COLLECTED DATA:
• • •

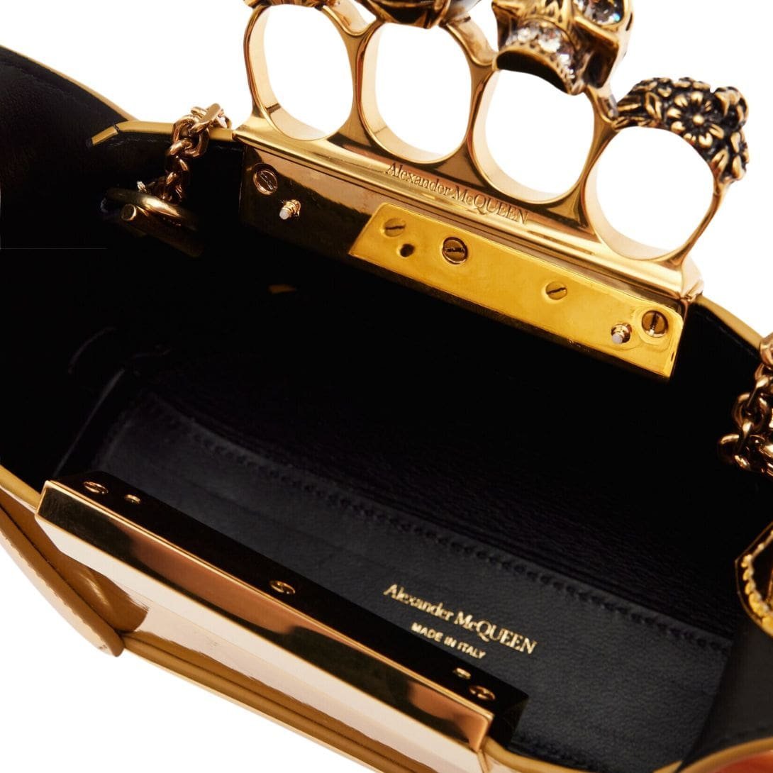 Gold-tone metallic fabric Alexander McQueen Women’s the Jewelled Hobo mini bag in gold featuring an antique gold-finished handle adorned with crystal-encrusted rings. The unique silhouette of the Jewelled Hobo is inspired by the faceted stone that sits on the Skull Four Ring and features fabric panels that are cut and reassembled together. This bag can be worn either hand-held, over the shoulder, or across the body with its detachable chain.
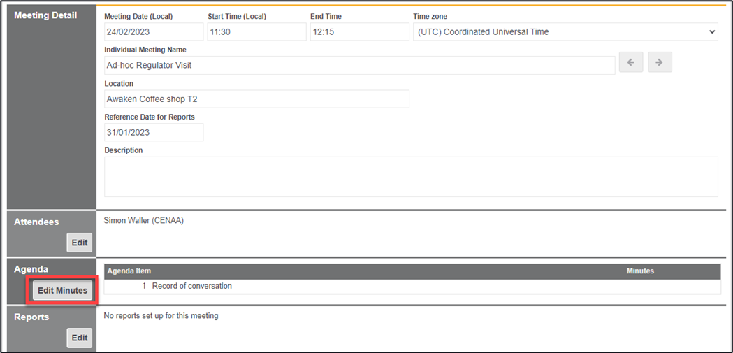 You are able to adjust the attendees using the ‘Edit’ button within the attendees to record exactly wo attended that individual meeting. Likewise you are able to add minutes by using the ‘Edit Minutes’ button within the agenda area.
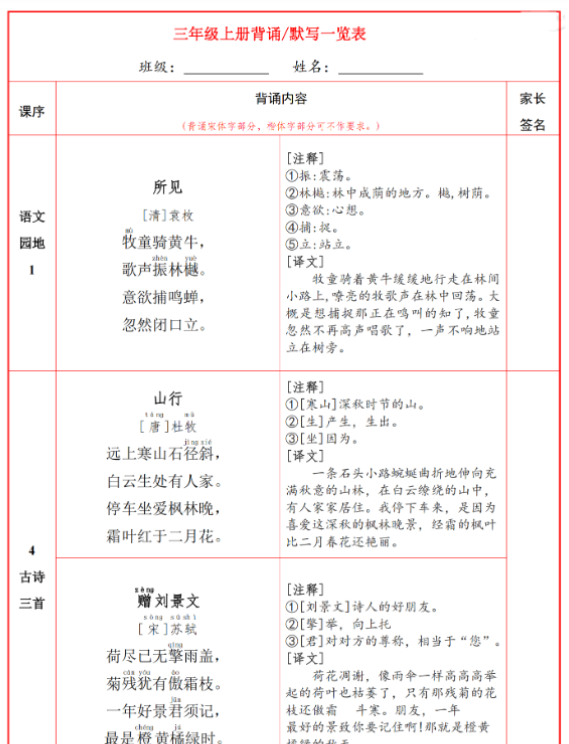 | 【2025秋】小学语文《背诵闯关表》1-6年级上册(完整版) | |

• • •

BRIEF: Produce an exact copy of every line above, with the images left out.

RESULT OF THIS TASK:
 Gold-tone metallic fabric Alexander McQueen Women’s the Jewelled Hobo mini bag in gold featuring an antique gold-finished handle adorned with crystal-encrusted rings. The unique silhouette of the Jewelled Hobo is inspired by the faceted stone that sits on the Skull Four Ring and features fabric panels that are cut and reassembled together. This bag can be worn either hand-held, over the shoulder, or across the body with its detachable chain.
 You are able to adjust the attendees using the ‘Edit’ button within the attendees to record exactly wo attended that individual meeting. Likewise you are able to add minutes by using the ‘Edit Minutes’ button within the agenda area.
 | 【2025秋】小学语文《背诵闯关表》1-6年级上册(完整版) | |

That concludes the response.